But despite the downward trend, antibiotics continue to be overprescribed compared with guideline recommendations. The report warns that antimicrobial resistance shows little sign of abating and poses an ongoing risk to patient safety.
 
Professor Danielle Mazza, co-author of the RACGP’s Response to antimicrobial resistance in primary care, told newsGP that increased focus on general practice in the area of antimicrobial stewardship would represent a positive step towards combatting the problem.
 
‘It’s comforting that there is starting to be a decline, but clearly lots more work needs to be done and the issues raised in the RACGP position statement remain very relevant,’ she said.
 
‘We need a framework to support general practice antimicrobial stewardship that looks at the wide range of issues impacting on antibiotic prescribing in general practice; from governance and regulation, to involvement of pharmacists, to regular audit and feedback, provision of resources and better training for GPs.
 
‘We also need improvements to medical software to be able to link prescribing to the reason why you’re doing it so better audits can be done.
 
‘It’s about being able to look at the reason for prescription and ensure that there is better guideline concordance.
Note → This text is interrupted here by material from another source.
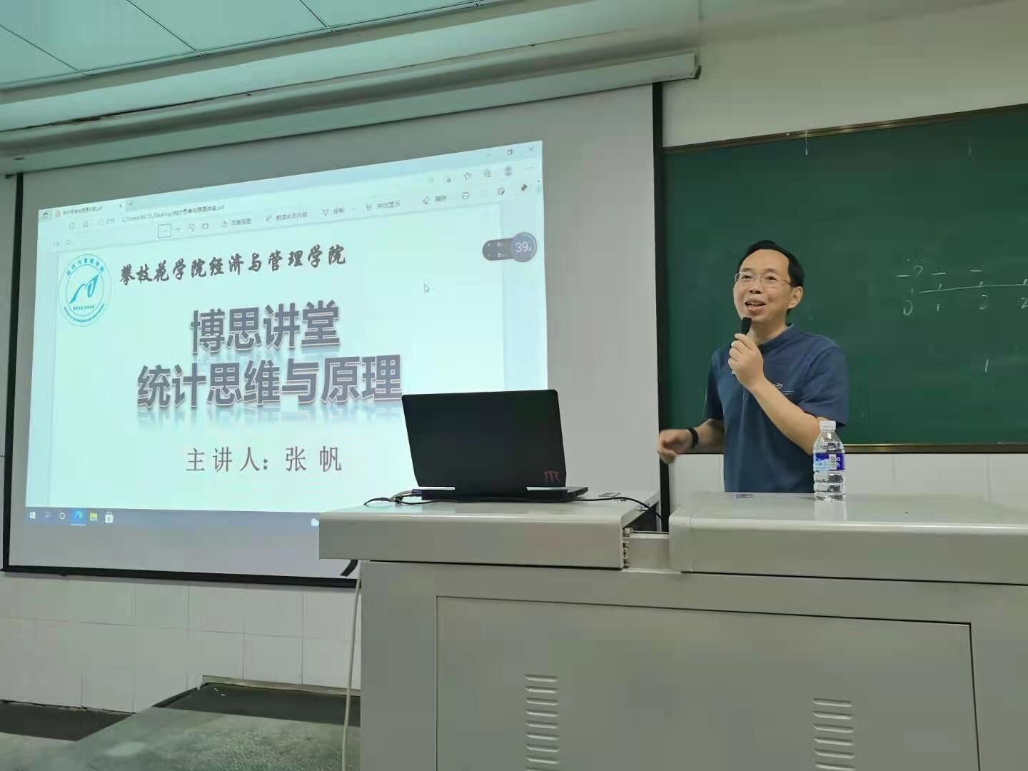 7月5日下午,张帆副教授以《统计思维与原理》为主题和老师们一起探讨什么是统计思维。他从统计学发展历史出发,向老师们介绍了统计学发展历程,并详尽地阐释了统计工作过程、描述性统计和推断性统计。在向老师们分享自己见解的过程中,张帆将统计学中的各种思维完整地串联起来,深化了老师们对于统计思维的认知,有助于老师们构建完整的统计思维模式。

That’s the big gap in general practice.’
 
According to Professor Mazza, most of the emphasis to date has been on hospital prescribing, and data sources for antimicrobial stewardship in primary care remain limited, which is insufficient to provide a deep insight into antibiotic prescribing, particularly at a regional level.
 
‘The majority of antibiotic prescriptions occur in the community,’ she said.
 
‘Government really has to, in conjunction and consultation with the RACGP and other relevant organisations, address the complexity of issues affecting antimicrobial stewardship in general practice and provide funding and initiatives related to all of those areas.
 
‘There is wide recognition of the problem, I just don’t think there has been adequate focus on it.’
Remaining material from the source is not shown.